* **Data for this exercise**:
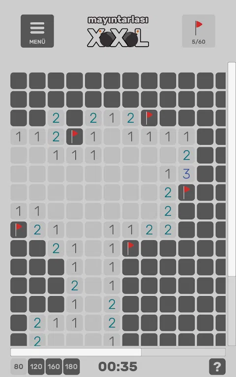 扫雷XXL是一款传统的扫雷游戏,20x20-25x25-30x30-35x35的巨大雷区等着你
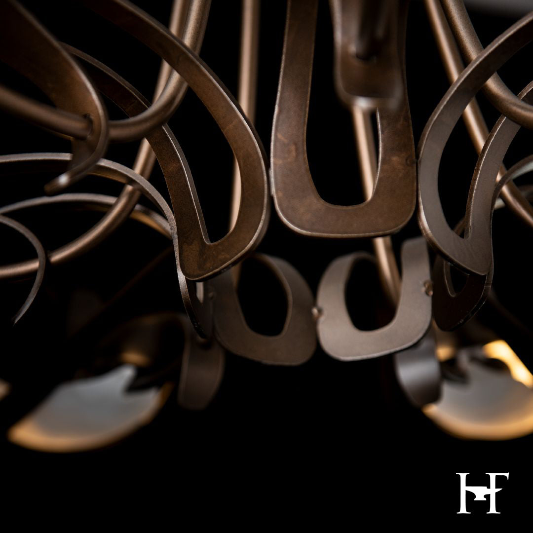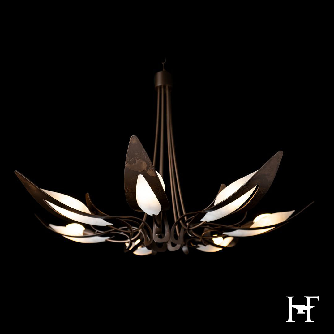 Skilled Vermont artisans hand-forge and shape this beautiful lighting fixture, reminiscent of a parasol form. The forged metal texture comes through in each detail. Handmade slumped art glass is nested into each of these seven arms. Parasol designer Jason Hancock recommends using a "milky" candelabra bulb for the perfect effect.
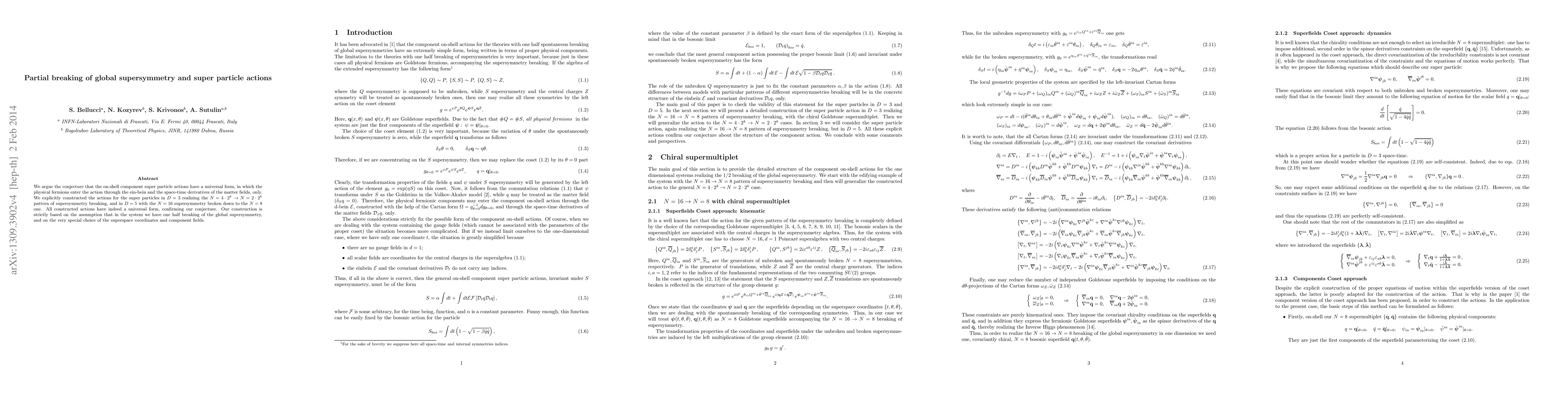 We argue the conjecture that the on-shell component super particle actions have a universal form, in which the physical fermions enter the action through the ein-bein and the space-time derivatives of the matter fields, only. We explicitly constructed the actions for the super particles in $D=3$ realizing the $N=4\cdot 2^{k} \rightarrow N=2\cdot 2^k$ pattern of supersymmetry breaking, and in $D=5$ with the $N=16$ supersymmetry broken down to the $N=8$ one. All constructed actions have indeed a universal form, confirming our conjecture. Our construction is strictly based on the assumption that in the system we have one half breaking of the global supersymmetry, and on the very special choice of the superspace coordinates and component fields.
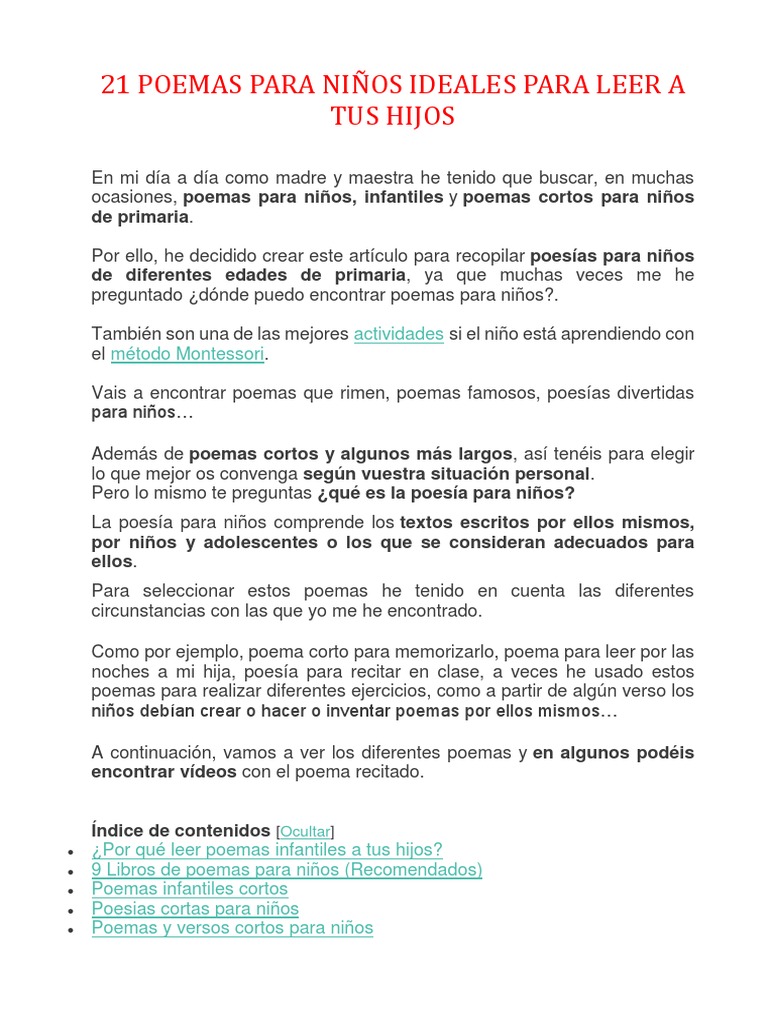 Por tus reproches y consejos. Por lo que encontrar poemas para dedicar a un niño podría convertirse en una tarea laboriosa de realizar. Del camino enseñado. Poemas especiales para el Día del Niño Caritas de cielo Leer más Caritas de cielo. Son prolongación y vida iluminan las mañanas. Sin duda en la red hay una gran infinidad de reflexiones literarias. Estás buscando poemas para el dia del niño. 7 poesias para sorprender. Pablo Neruda es el autor de este significativo poema especial para cualquier día.
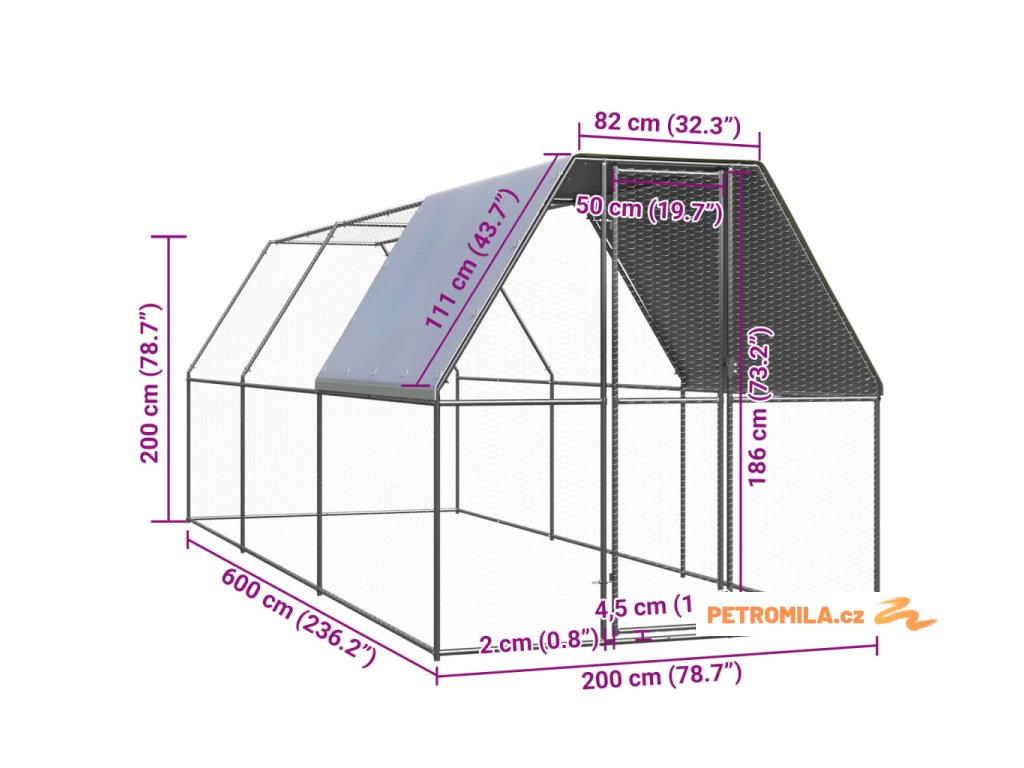 Tento výběh pro kuřata je vyroben z pozinkované oceli. Má polyethylenovou střechu, která je voděodolná a odolná vůči UV záření. Brána je vybavena zámkem, který zajišťuje větší bezpečnost a ochranu vašich malých zvířat.
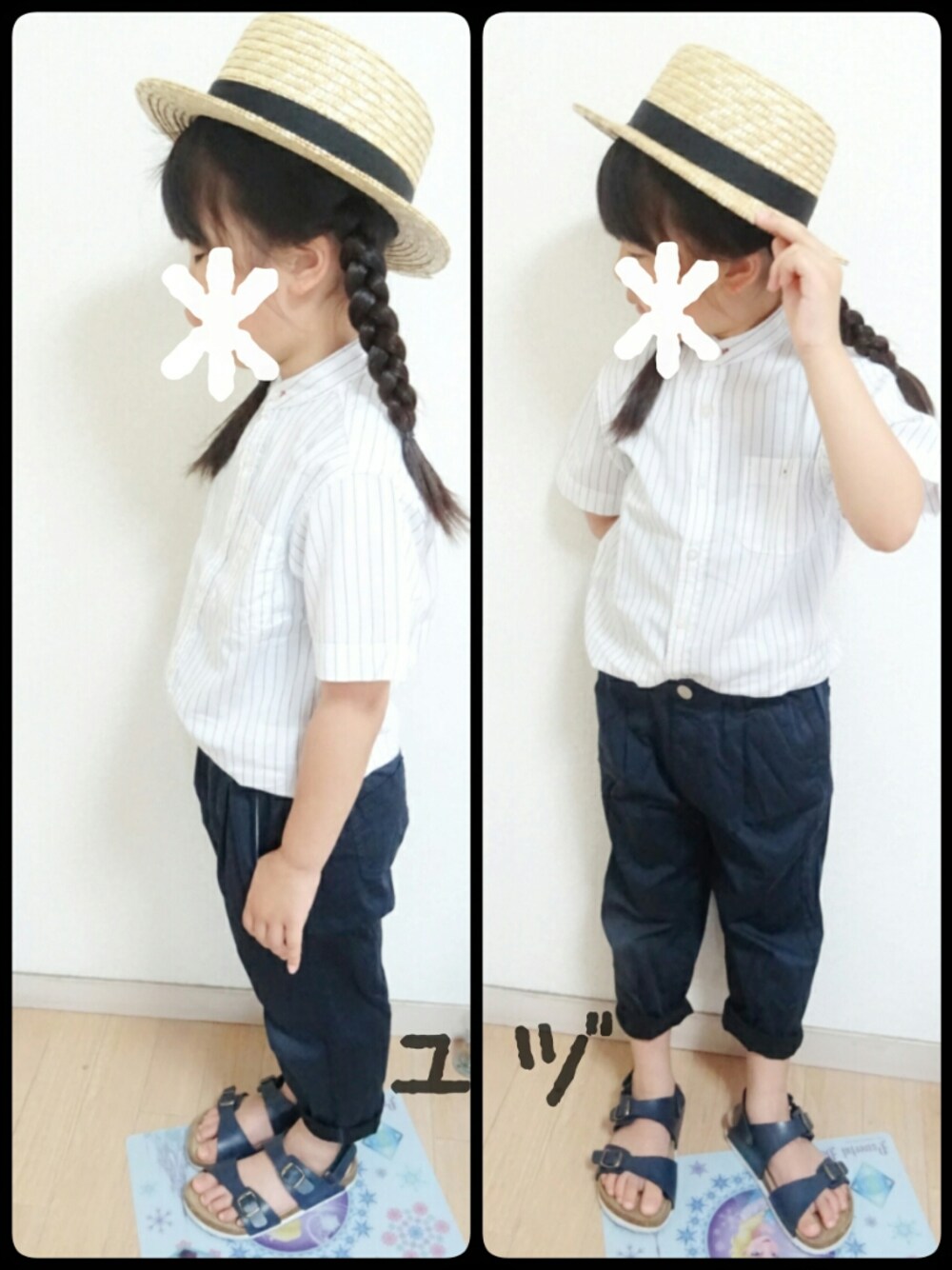 今日も暑くなりそう…… このストライプのシャツは色も落ち着いてて柔らかく使いやすい! 襟がない?ので子供も着やすいみたい^^ 学校のお友だちもお揃いで買ってくれました** 今から服作り~♡
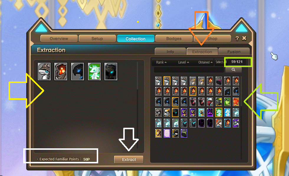 Is the list of Familiars you want to extract. The number of coins you will get for the shop is shown in the white box.
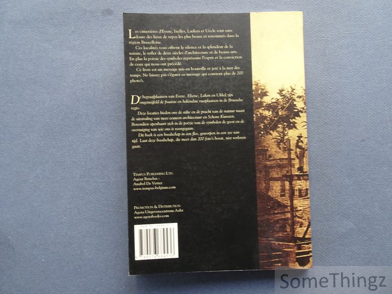 De begraafplaatsen van Evere, Elsene, Laken en Ukkel zijn ongetwijfeld de fraaiste en bekendste rustplaatsen in de Brusselse regio. Deze locaties bieden ons de stilte en de pracht van de natuur naast de uitstraling van twee eeuwen architectuur en Schone Kunsten. Bovendien openbaart zich in de poëzie van de symbolen de geest en de opening van wie ons is voorgegaan. Dit boek is een boodschap in een fles, geworpen in de zee van tijd. Laat deze boodschap, die meer dan 200 foto?s bevat, niet verloren gaan. / Les cimetières d?Evere, Ixelles, Laeken et Uccle sont sans doute des lieux de repos les plux beaux et renommés dans la région Bruxelles. Ces localités vous offrent le silence et la splendeur de la nature, le reflet de deux siècles d?architecture et de beaux-arts. En plus la poësie des symboles représente l?esprit de la conviction de ceux qui nous ont précédé. Ce livre est un message mis en bouteille et jeté à la mer des temps. Ne laissez pas s?égarer ce message qui contient plus de 200 photo?s.
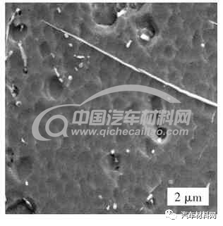 α 相为含氮铁素体,即氮在α-Fe 铁素体的间隙固溶体,590 ℃时,氮在α -Fe 中的最大溶解度为0.1%。渗氮过程也就是活性氮原子不断向基体中渗入和扩散的过程,当氮原子在α-Fe 铁素体中过饱和,以间隙化合物的形式析出γ′相,有很多不同的组织形态,如针状、颗粒状、脉状等。氮化物的析出位置一般为过共析钢,在晶界析出的比较多,在金相显微镜和低倍扫描电镜上显示为针状,如图17、图18 所示,但实际上该组织为类似于碳化物的条状或“刀片状”,主要是由于在某一特定晶界析出有关,如在高倍下的图19 及图20 所示;颗粒状、网状或脉状的析出氮化物不在晶界上,而在晶界内,各个氮化物类同于碳化物的析出,都是孤立存在的,如图19、图21~24 所示。
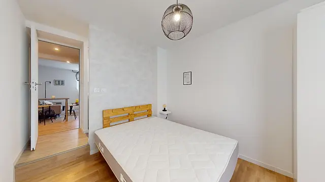 L'appartement est composé d'une cuisine équipée (réfrigérateur, four encastré, plaques de cuisson, hotte, four à micro-ondes, évier, et autres appareils) ouverte sur le salon et séparée par une table haute et quatre tabourets. Le coin salon est équipé d'un canapé, d'une table basse, d'une télévision et de son meuble. À l'entrée de l'appartement, vous trouverez un porte-manteau ainsi qu'un petit buffet. Par cette dernière, vous rejoindrez trois des chambres et les toilettes.
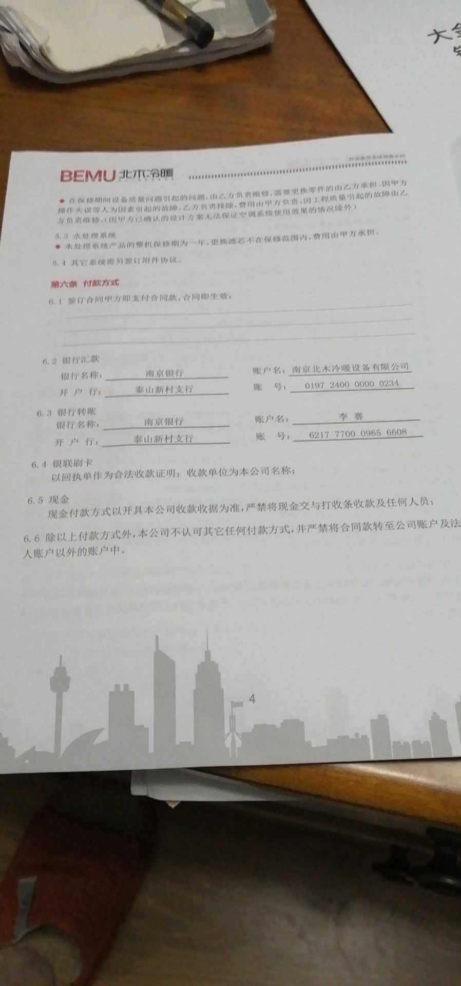 对 南京北木冷暖设备有限公司 的投诉依据:

* **What is being asked**:
Start at the first line of the records and write out everything up to and including the line containing "Skilled Vermont artisans". No pictures.

* **Solution to the problem**:
 扫雷XXL是一款传统的扫雷游戏,20x20-25x25-30x30-35x35的巨大雷区等着你
 Skilled Vermont artisans hand-forge and shape this beautiful lighting fixture, reminiscent of a parasol form. The forged metal texture comes through in each detail. Handmade slumped art glass is nested into each of these seven arms. Parasol designer Jason Hancock recommends using a "milky" candelabra bulb for the perfect effect.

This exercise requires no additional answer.